Open xlnn opened 2 days ago

xlnn commented 2 days ago

Description:
Hello, I encountered a torch.cuda.OutOfMemoryError while fine-tuning a model using trainer.py. My setup includes only a single GPU with 32GB of memory, and the error occurs even at the beginning of training.

modify trainer.py:

import argparse, os, sys, datetime
os.environ["CUDA_VISIBLE_DEVICES"] = "0"
from omegaconf import OmegaConf
from transformers import logging as transf_logging
import pytorch_lightning as pl
from pytorch_lightning import seed_everything
from pytorch_lightning.trainer import Trainer
import torch
sys.path.insert(1, os.path.join(sys.path[0], '..'))
from utils.utils import instantiate_from_config
from utils_train import get_trainer_callbacks, get_trainer_logger, get_trainer_strategy
from utils_train import set_logger, init_workspace, load_checkpoints

def get_parser(**parser_kwargs):
    parser = argparse.ArgumentParser(**parser_kwargs)
    parser.add_argument("--seed", "-s", type=int, default=20230211, help="seed for seed_everything")
    parser.add_argument("--name", "-n", type=str, default="training_1024_v1.0", help="experiment name, as saving folder")

    # parser.add_argument("--base", "-b", nargs="*", metavar="base_config.yaml", help="paths to base configs. Loaded from left-to-right. "
    #                         "Parameters can be overwritten or added with command-line options of the form `--key value`.", default=list())

    parser.add_argument(
        "--base",
        "-b",
        nargs="*",
        metavar="base_config.yaml",
        help=(
            "Paths to base configs. Loaded from left-to-right. "
            "Parameters can be overwritten or added with command-line options of the form `--key value`."
        ),
        default=["/home/cherry2025/DynamiCrafter/configs/training_1024_v1.0/config.yaml"]
    )

    parser.add_argument("--train", "-t", action='store_true', default=True, help='train')
    parser.add_argument("--val", "-v", action='store_true', default=False, help='val')
    parser.add_argument("--test", action='store_true', default=False, help='test')
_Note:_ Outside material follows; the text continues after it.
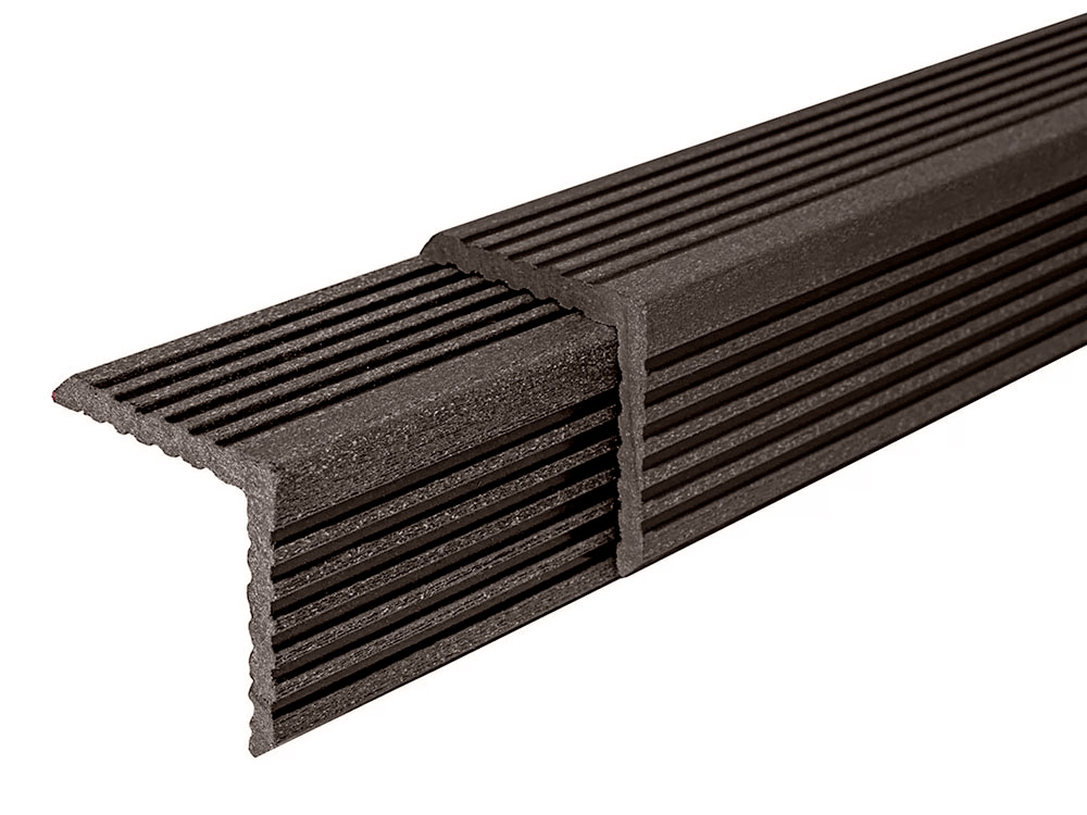 Для придания законченного и эстетичного вида террасы используются уголки для террасной доски из древесно-полимерного композита.

    parser.add_argument("--logdir", "-l", type=str, default="/home/cherry2025/DynamiCrafter/train_check", help="directory for logging dat shit")
    parser.add_argument("--auto_resume", action='store_true', default=False, help="resume from full-info checkpoint")
    parser.add_argument("--auto_resume_weight_only", action='store_true', default=False, help="resume from weight-only checkpoint")
    parser.add_argument("--debug", "-d", action='store_true', default=False, help="enable post-mortem debugging")

    return parser

#     -----------------
#     parser = argparse.ArgumentParser(**parser_kwargs)
#     parser.add_argument("--seed", "-s", type=int, default=20230211, help="seed for seed_everything")
#     parser.add_argument("--name", "-n", type=str, default="training_1024_v1.0",
#                         help="experiment name, as saving folder")
#
#     # parser.add_argument("--base", "-b", nargs="*", metavar="base_config.yaml", help="paths to base configs. Loaded from left-to-right. "
#     #                         "Parameters can be overwritten or added with command-line options of the form `--key value`.", default=list())
#
#     parser.add_argument("--base", "-b", nargs="*", metavar="base_config.yaml",
#                         help="paths to base configs. Loaded from left-to-right. "
#                              "Parameters can be overwritten or added with command-line options of the form `--key value`.",
#                         default="/home/cherry2025/DynamiCrafter/configs/training_1024_v1.0/config.yaml")
#
#     parser.add_argument("--train", "-t", action='store_true', default=False, help='train')
#     parser.add_argument("--val", "-v", action='store_true', default=False, help='val')
#     parser.add_argument("--test", action='store_true', default=False, help='test')
#
#     parser.add_argument("--logdir", "-l", type=str, default="logs", help="directory for logging dat shit")
#     parser.add_argument("--auto_resume", action='store_true', default=False, help="resume from full-info checkpoint")
#     parser.add_argument("--auto_resume_weight_only", action='store_true', default=False,
#                         help="resume from weight-only checkpoint")
#     parser.add_argument("--debug", "-d", action='store_true', default=False, help="enable post-mortem debugging")
#
#     return parser

def get_nondefault_trainer_args(args):
    parser = argparse.ArgumentParser()
    parser = Trainer.add_argparse_args(parser)
    default_trainer_args = parser.parse_args([])
    return sorted(k for k in vars(default_trainer_args) if getattr(args, k) != getattr(default_trainer_args, k))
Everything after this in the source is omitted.